The fact that the Comptroller is "largely immune" from judicial review (Davis, Administrative Law Treatise, supra) does not mean, of course, that his immunity is absolute. Upon a proper showing (Bank of Dearborn v. Saxon, 244 F.Supp. 394 (D.C.Mich.1965) a review de novo will be made. But first a foundation must be laid, and with that we proceed to a detailed examination of what the parties have put before us.
As noted above, immediately after the hearing on July 7th the parties stipulated that a legal test of the issues before us would be brought on by defendants' motion for summary judgment, the defendant bank agreeing not to attempt to open for business until decision upon such motion, the plaintiff reserving the right "to move for" further discovery after receiving defendants' said motion. Our disposition of the further discovery motion will be discussed in due course.
The purpose of the motion for summary judgment, of course, is to pierce the allegations of the pleadings and to determine whether the movant is entitled to judgment as a matter of law, or whether there is a genuine issue as to material facts. To this end the motion for summary judgment enables the parties to go beyond the pleadings and present evidentiary materials to the court. The plaintiff bank has supported its opposition to the motion by a brief, by extensive affidavit, and by other materials. Before considering the contents thereof we note the provisions of Rule 56(e), Federal Rules of Civil Procedure, requiring, in part, as follows:
What we have, at this point is this: The allegations of the complaint, as quoted above, are not only vague, but they are completely devoid of specific factual allegations, consisting entirely of conclusory allegations. Thus, it is said that the charter was "granted improperly" in that the defendant "did not properly follow the procedures of the Statute and of the Administrative Code", but what procedures he did not follow are not stated. It is alleged also that the defendant has acted arbitrarily and capriciously in that he did not "properly investigate the convenience and needs of the community with reference to the formation of said bank", but in what respects his investigation was faulty we are not told. It is further asserted that the defendant has abused his discretion "with reference to the banking ability and experience of the proposed officials and other employees" but what factual needs constitute such abuse are not spelled out.

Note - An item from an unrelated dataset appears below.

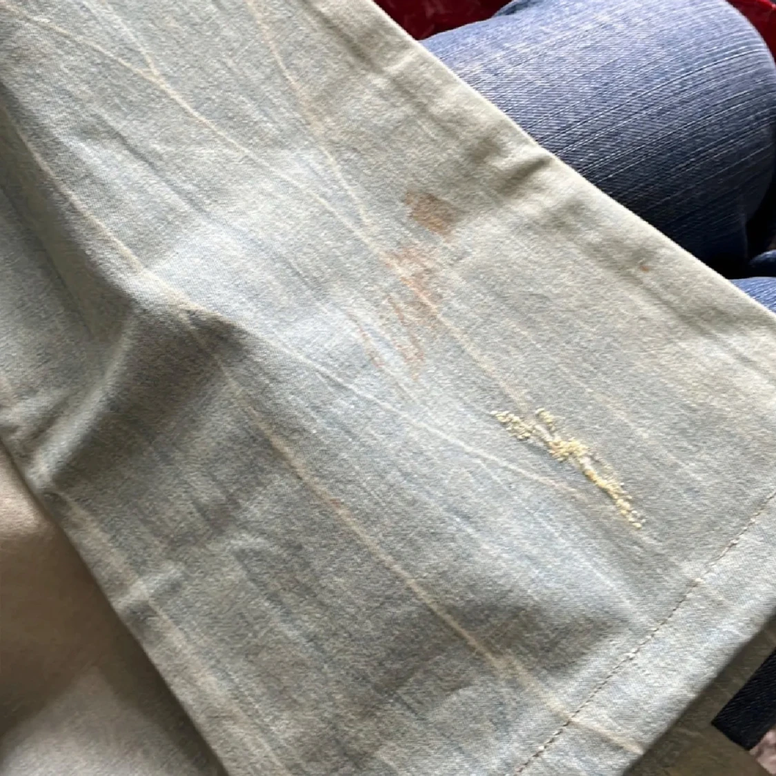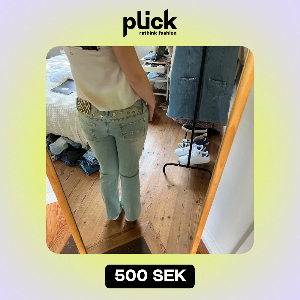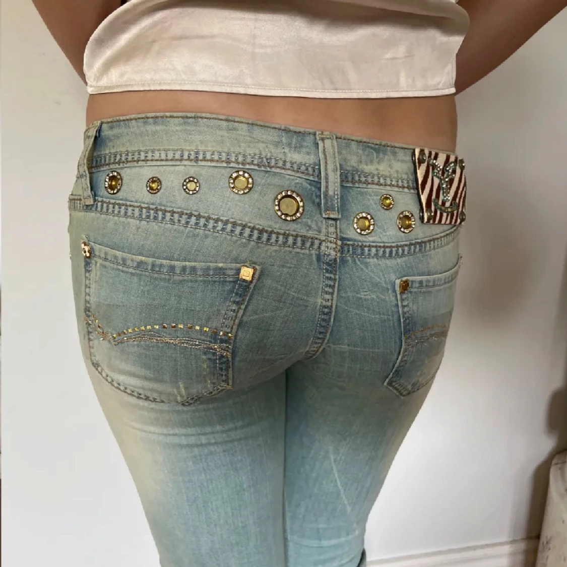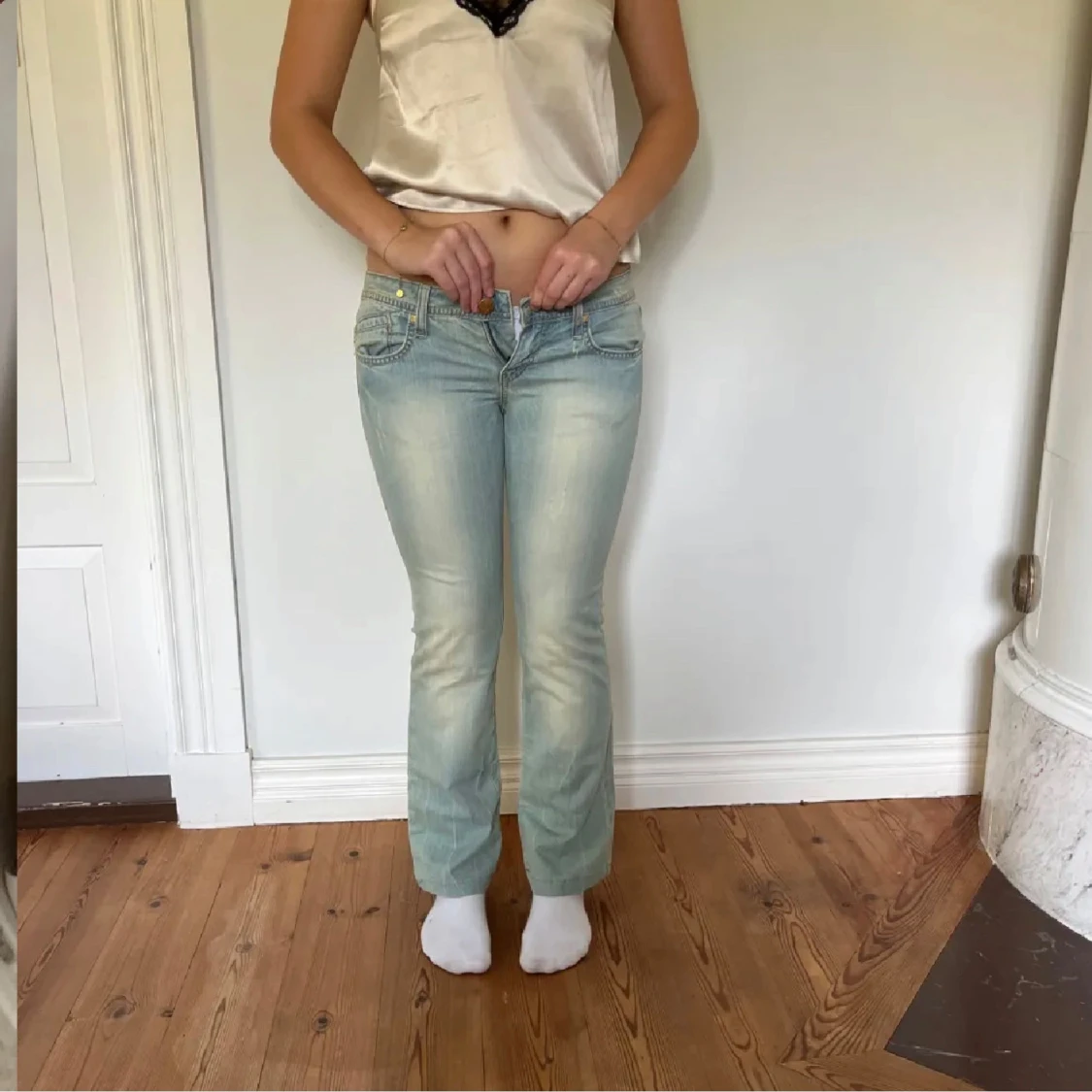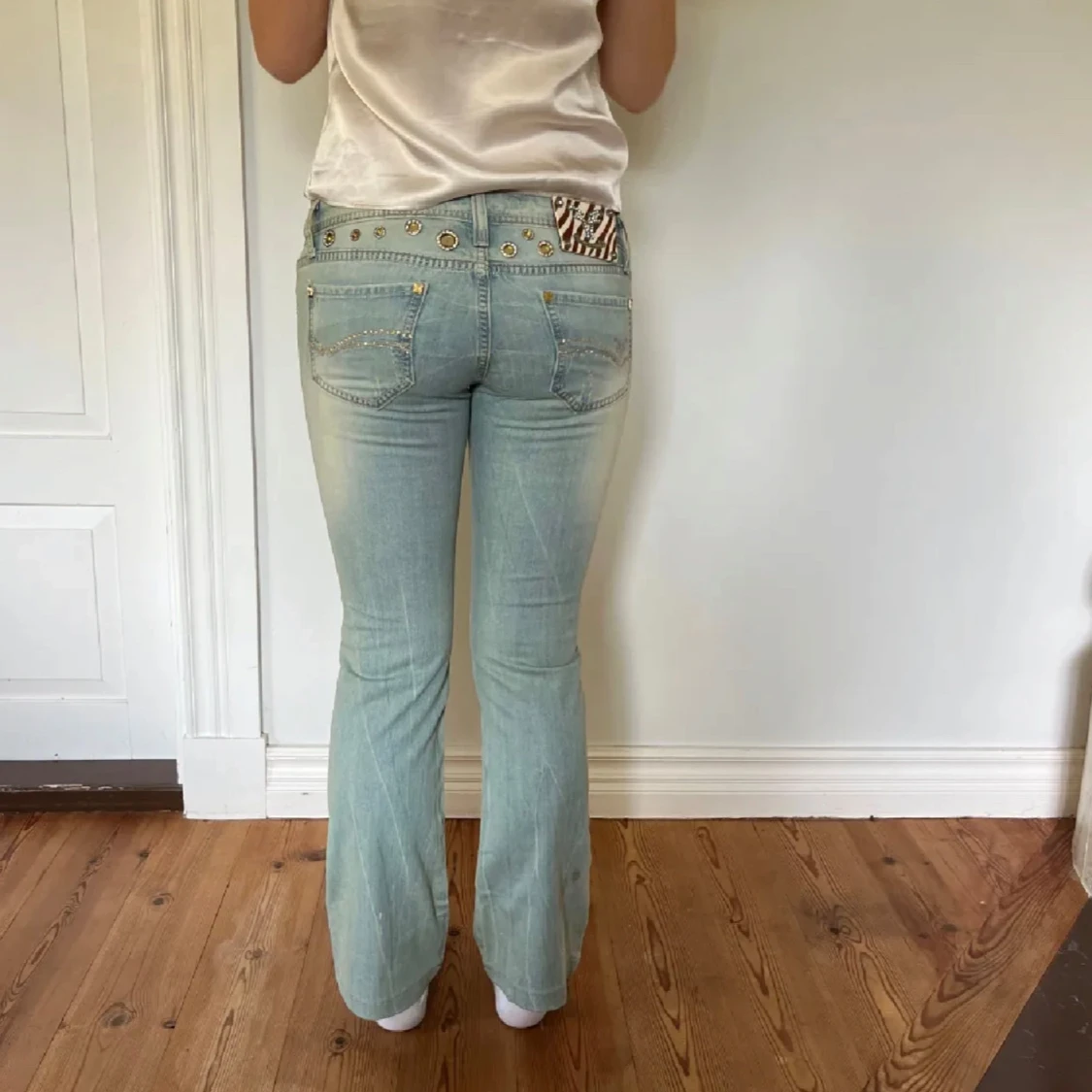 Ljusblå coola lågmidjade jeans, bootcut och snygga detaljer på baksidan🥰har sprättat upp längst ner för att de ska bli längre! Midjemått: 37 cm och Innerbenslängd: 75 cm. En av ”knapparna” där bak har ramlat av men skickar med den!! Går säkert lätt att laga🥰🥰

In addition, it is asserted that the newly chartered National Bank "is not necessary, nor is the same convenient or required in the City of Warren or its environs," that the employees of the proposed bank "are without substantial experience", and that the defendant has further acted "arbitrarily and capriciously in determining the earning prospects of the proposed bank." Finally, it is alleged that the National Bank is "in truth and in fact an alter ego of an existing National banking association" but of what national banking association we are not informed nor is there any statement of specific facts which would bring into play, if applicable, the alter ego doctrine.
The theory of the plaintiff in so...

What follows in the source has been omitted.